Planet Labs PBC (formerly Planet Labs, Inc. and Cosmogia, Inc.) is an American public Earth imaging company based in San Francisco, California. Their goal is to image the entirety of the Earth daily to monitor changes and pinpoint trends.

The company designs and manufactures Triple-CubeSat miniature satellites called Doves that are then delivered into orbit as secondary payloads on other rocket launch missions. Each Dove is equipped with a high-powered telescope and camera programmed to capture different swaths of Earth. Each Dove Earth observation satellite continuously scans Earth, sending data once it passes over a ground station, by means of a frame image sensor.

The images gathered by Doves, which can be accessed online and some of which is available under an open data access policy, provide up-to-date information relevant to climate monitoring, crop yield prediction, urban planning, and disaster response. With acquisition of BlackBridge in July 2015, Planet Labs had 87 Dove and 5 RapidEye satellites launched into orbit. In 2017, Planet launched an additional 88 Dove satellites, and Google sold its subsidiary Terra Bella and its SkySat satellite constellation to Planet Labs.

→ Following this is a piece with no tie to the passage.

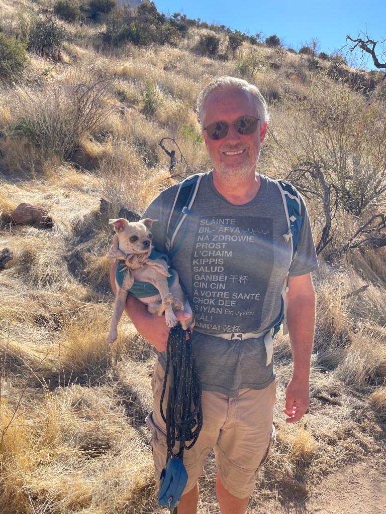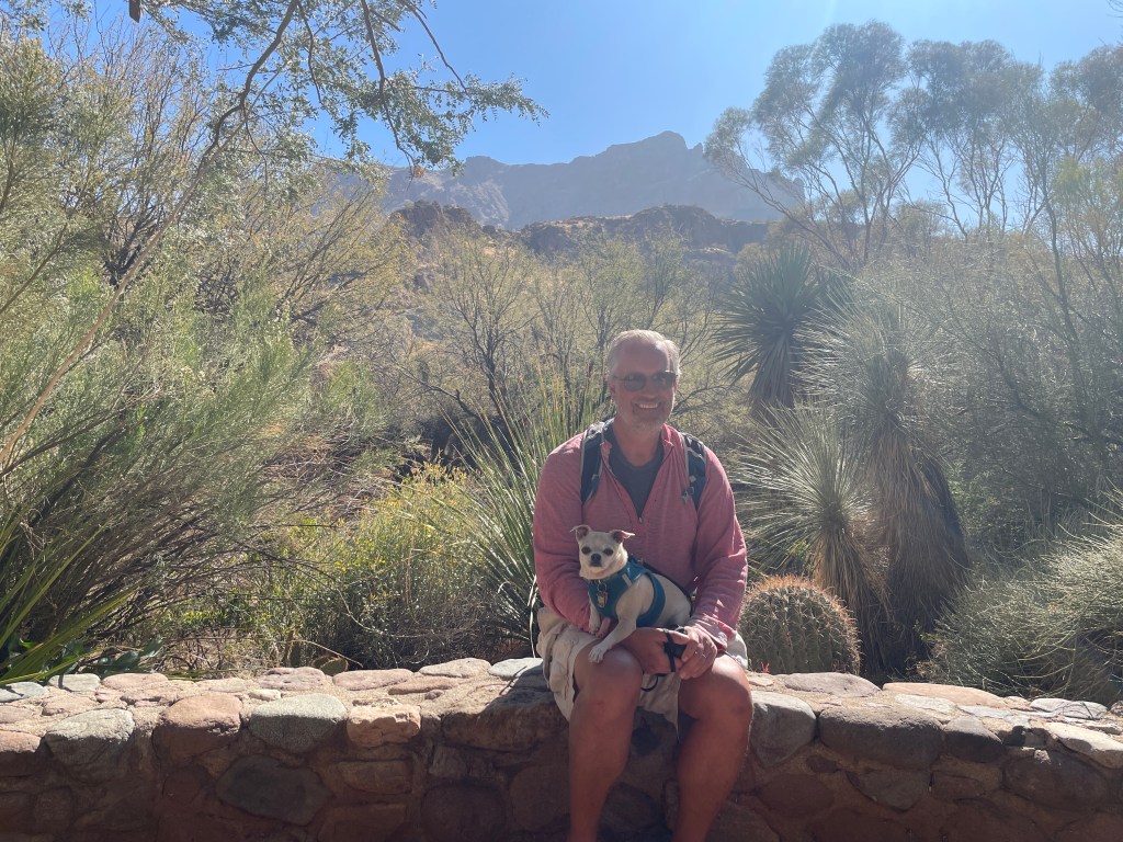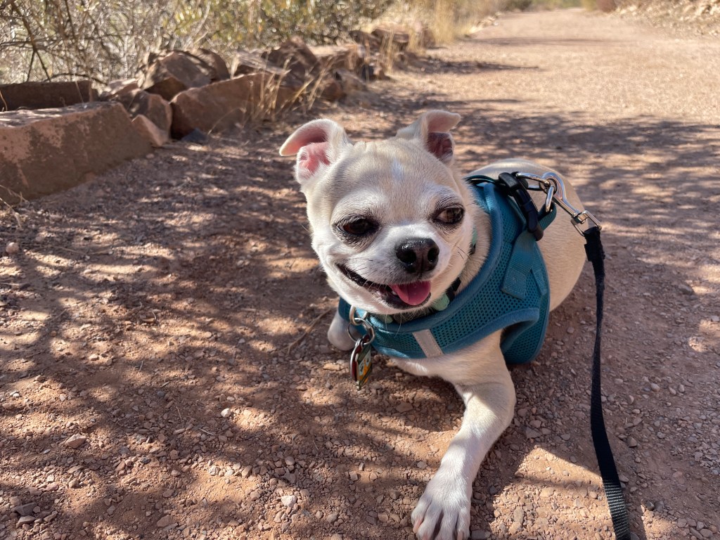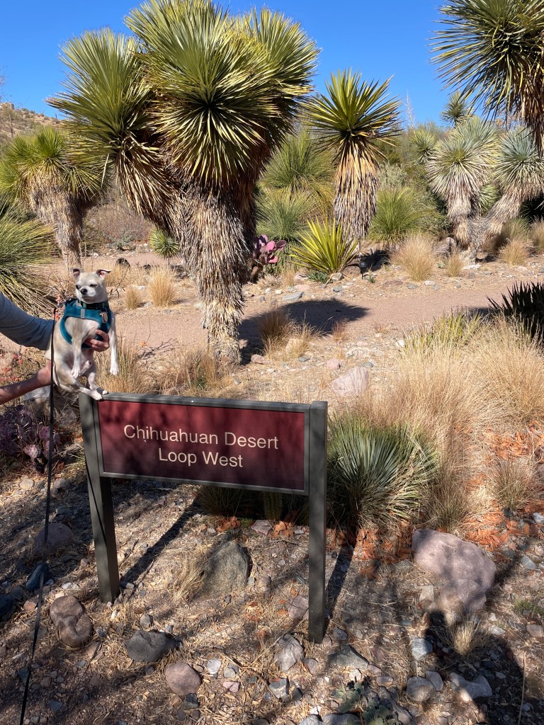 The arboretum had some areas dedicated to plants of the Chihuahuan Desert. Nico was less amused than we were when we decided it was important to document the Chihuahua’s visit to the Chihuahuan exhibits:

By September 2018 the company had launched nearly 300 satellites, 150 of which are active. In 2020, Planet Labs launched six additional high-resolution SkySats, SkySats 16–21, and 35 Dove satellites.

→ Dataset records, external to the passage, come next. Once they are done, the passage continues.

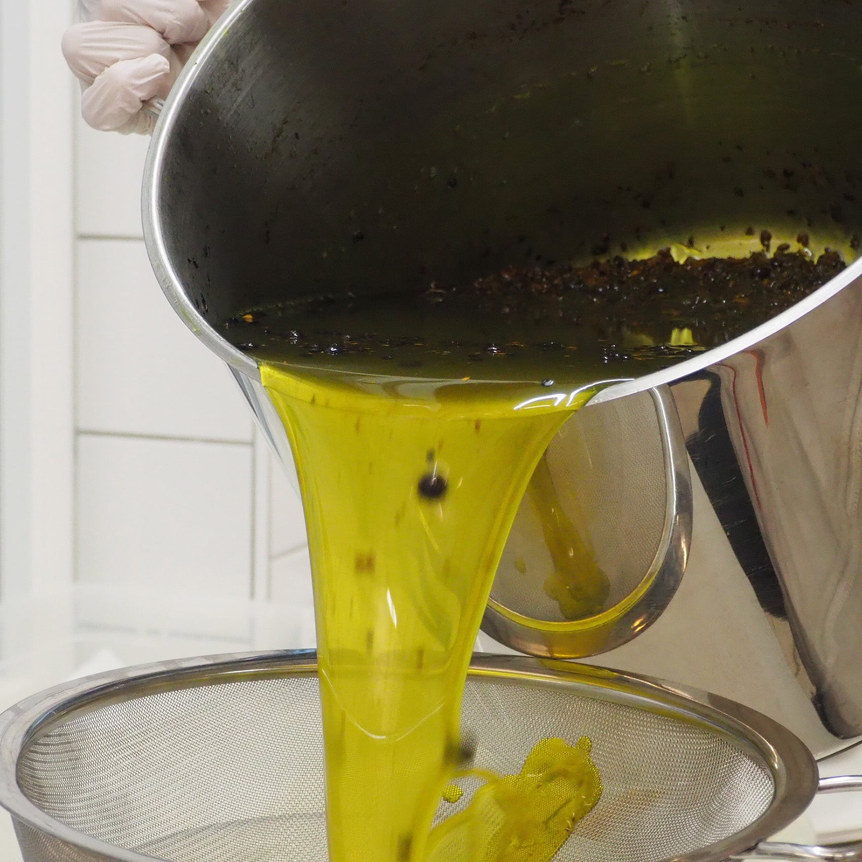 Die Kräuter zu jedem einzelnen Chakra-Öl werden in Wasser angesetzt und ausgezogen. Dieser Sud mit den Kräutern wird mit Sesamöl unter ständigem Rühren eingeköchelt, bis sich die Kräuter in das Öl mazeriert haben. Dies kann viele Stunden und Tage dauern und ergibt ein konzentriertes und hoch aromatisches Chakra-Öl. Unterstützt wird dies noch mit Zugabe der jeweiligen ätherischen Öle.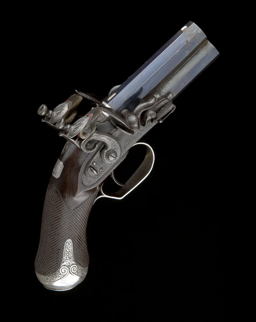 circa 1810-15, with 3in. reblued octagonal barrels each with platinum-inlaid line and platinum-lined makers stamp 'TATHAM & EGG' at the breech, the upper barrel with silver fore-sight, platinum-lined touch-holes, iron tang finely engraved with foliage and a small trophy and inlaid with a platinum line and incorporating the rear-sight, border and foliate engraved flat bevelled bolted locks each signed 'TATHAM & EGG' and with stepped-tail, French cock, gold-lined rainproof pan and roller, figured walnut stock with chequered butt (repaired beneath left lock), silver spurred pommel engraved with borders of running foliage and two martial trophies, the pommel-cap engraved with the coat of arms and motto of General Sir James Willoughby-Gordon, silver trigger-guard engraved with foliate borders and a large trophy of arms surmounted by a crown, silver escutcheon engraved with the crest of Sir James Willoughby-Gordon, and original iron ramrod with hatched tip, some scattered patches of minor surface corrosion), silver maker's mark 'MB' for Moses Brent.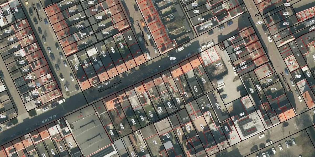 Marengostraat 14 is gelegen op kadastraal perceel TBG01O3435. Deze kadastrale aanduiding is uniek en wordt gebruikt door het Kadaster om eigendomsrechten en andere zakelijke rechten vast te leggen. Het perceel maakt onderdeel uit van de kadastrale gemeente Tilburg.
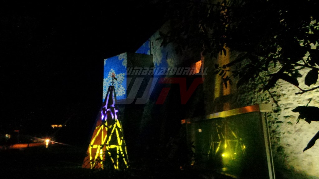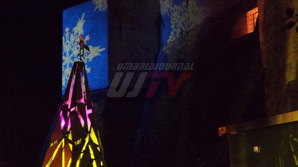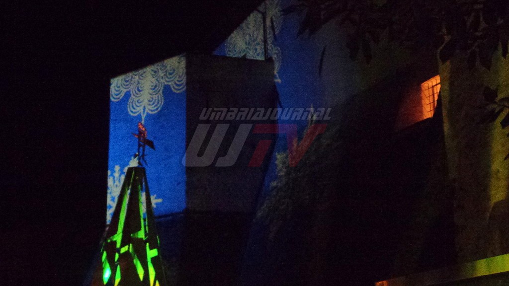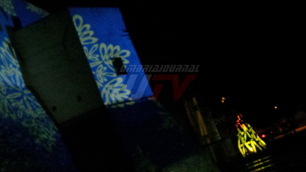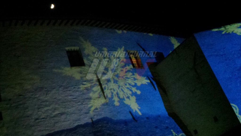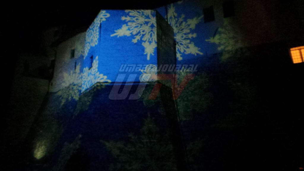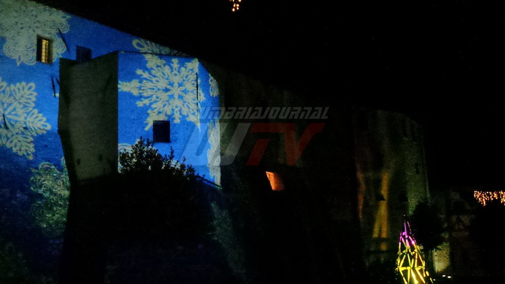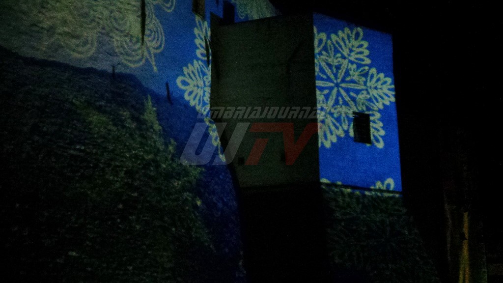 BASTIA UMBRA – Bastia Umbra, così come Assisi, ha adottato in questi giorni di feste la tecnica del video mapping sui monumenti. Pioggia di colori e neve sul monumento più bello della città: la Rocca Baglionesca. L’effetto della neve bianca che cade su uno sfondo azzurro si può vedere passeggiando lungo la via della Rocca a Bastia Umbra, nelle ore serali. Chiunque può ammirarla in questi giorni di festa.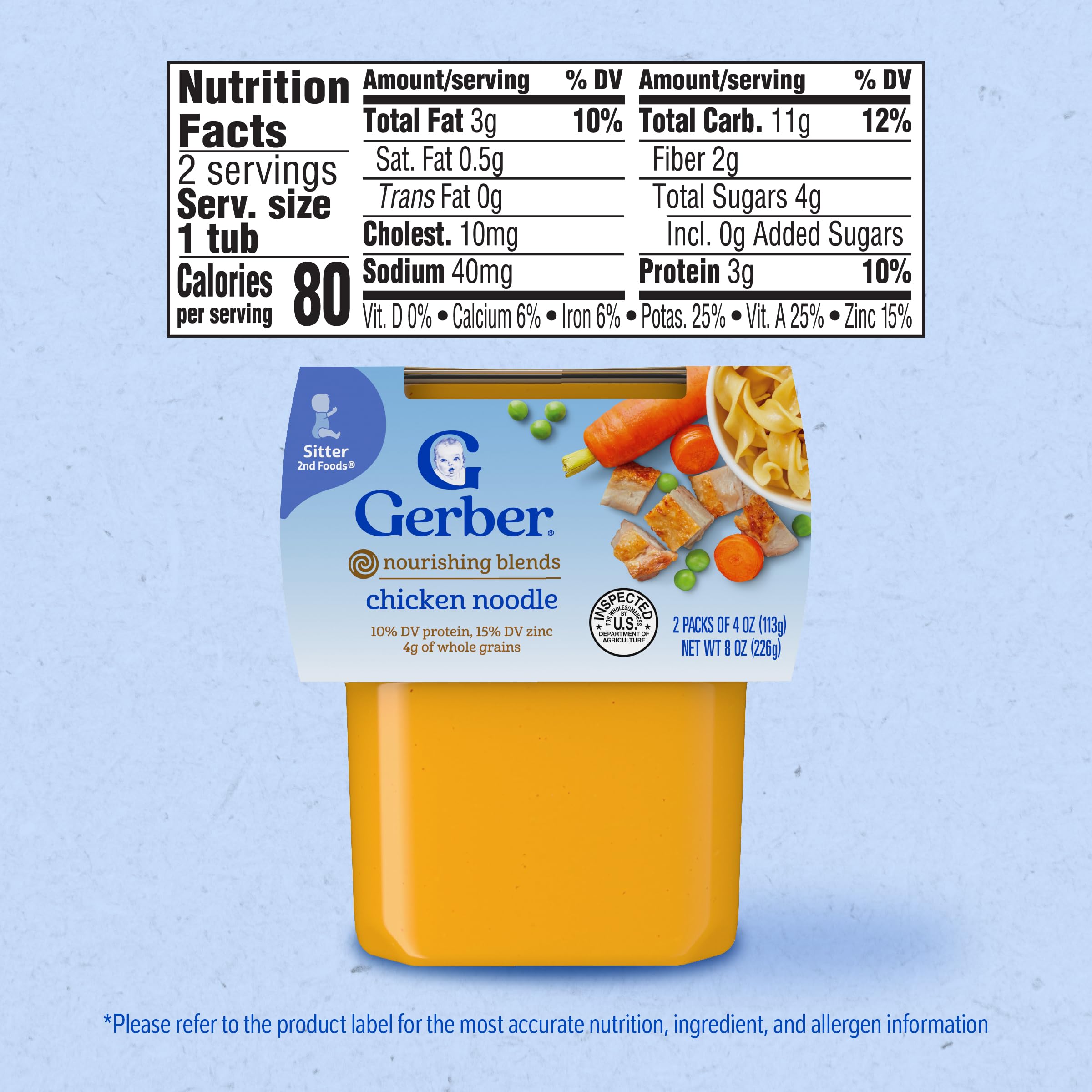 Gerber Stage 2 Baby Food, Chicken Noodle Puree Tubs are a premium choice for your child’s early stages. They are crafted to support a varied diet, along with meeting the busy lifestyle needs of caretakers and parents. Each baby puree tub comes in a portable, easy-to-store format – making it perfect for life’s busy moments. This stage 2 baby food puree is designed for babies who are ready to start introducing new textures and flavors into their diet. Gerber understands the importance of providing wholesome ingredients during the crucial developmental stages of your child's life -- that’s why these baby puree tubs are ideal for parents who seek a convenient and high-quality option in their baby's diet. These tubs need to be refrigerated after opening and must be used after 1 day.

Through a deal funded by Norway’s Climate and Forests Initiative (NICFI), Planet and its partners Airbus and KSAT are providing access to high-resolution basemaps of 64 tropical countries to help combat deforestation. It also provides data to FAO's Framework for Ecosystem Monitoring (Ferm).

Following a January 2021 launch of 48 Planet SuperDoves, the company operated a global constellation of over 200 active satellites.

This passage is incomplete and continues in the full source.